I am having trouble understanding an issue that I observe when running a rather simple bundle adjustment problem using non-linear least-squares with an analytical Jacobian as opposed to a finite-difference approximation of that. For a reason that I do not understand, running a toy problem (see below) that performs bundle adjustment with 3 cameras and a few beacons/points demonstrates expected convergence behavior when running without an analytical Jacobian. However, once I plug in the Jacobian into the same optimizer, the convergence deteriorates significantly, to a point where the optimum is not even reached anymore.

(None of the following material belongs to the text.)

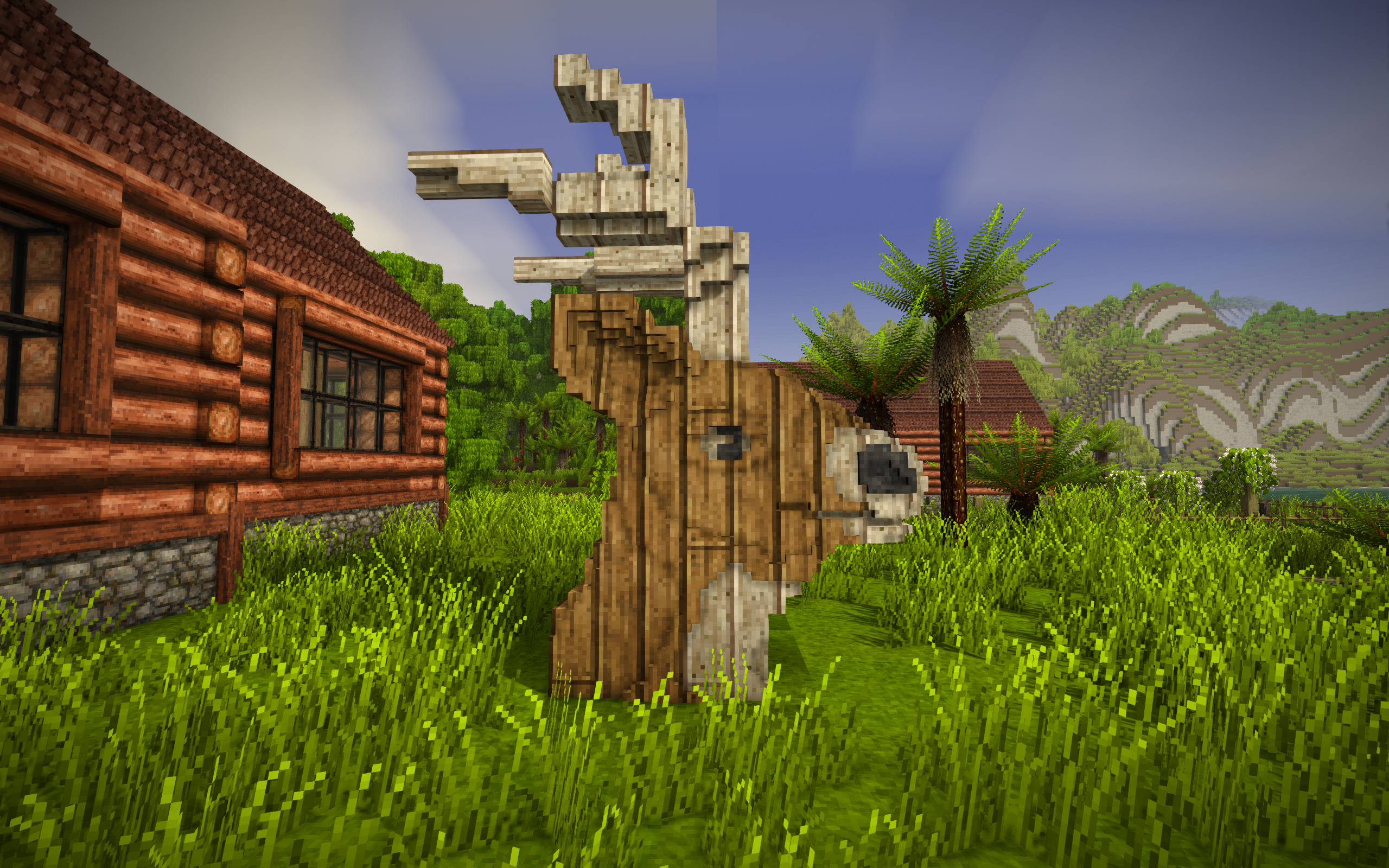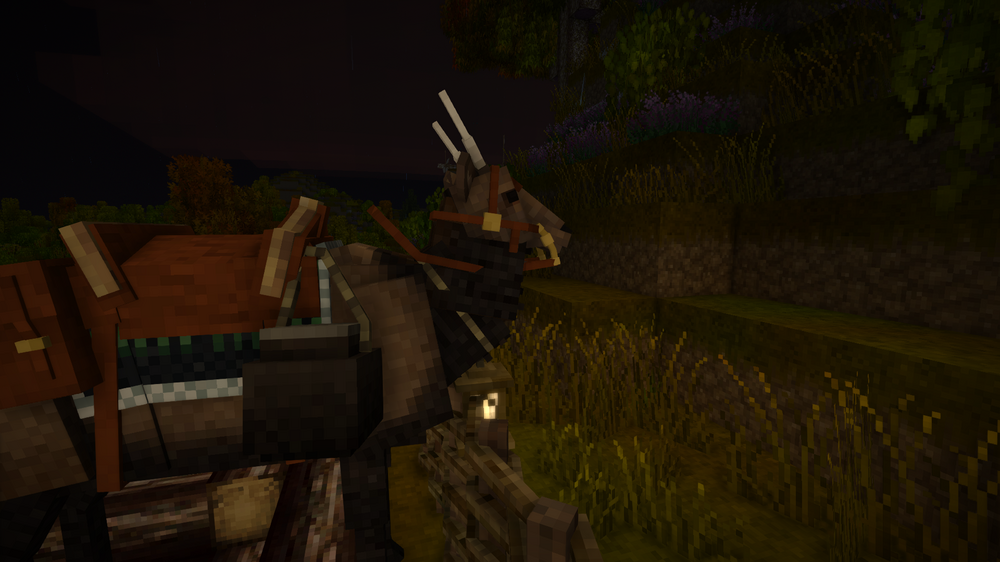 With the addiction of the Elk, I thought it would be really interesting to add some kind of beast-of-burden to the game. You could put more storage on these animals than you could elk, but they would be unrideable. You would have to 'drive' your herd in order to move the resources along. This could add really unique interactions with predator animals, as well- you could have to defend your herd from wolves or bears as you move them to a build site- or have to move the herd often in order to find fresh grazing.

I checked the obvious problem of just having a faulty Jacobian, but I double-checked the implementation (and the literature) and it seems to be correct.
My question is - assuming that I don't have an implementation error - if there is an explanation for the behaviour that I am seeing. I am expecting the FD approximation to be different from the analytical Jacobian, at least at all combinations of $X$ and $Y$ on the Lie manifold where $[X,Y]=0$ does not hold and I would expect the FD approximation to be performing worse for this reason, but the opposite seems to be the case.
I tried to squeeze the problem setup into a single MatLab toy-problem that shows the issue, sorry if this got a little lengthy and quite condensed in the style. Any input is appreciated as I am scratching my head over that for quite some time now.
% Setup example with 3 cameras and a few beacons to reconstruct
% cameras as 3x6 matrix (3 cameras, 6-parameter axis-angle / translation)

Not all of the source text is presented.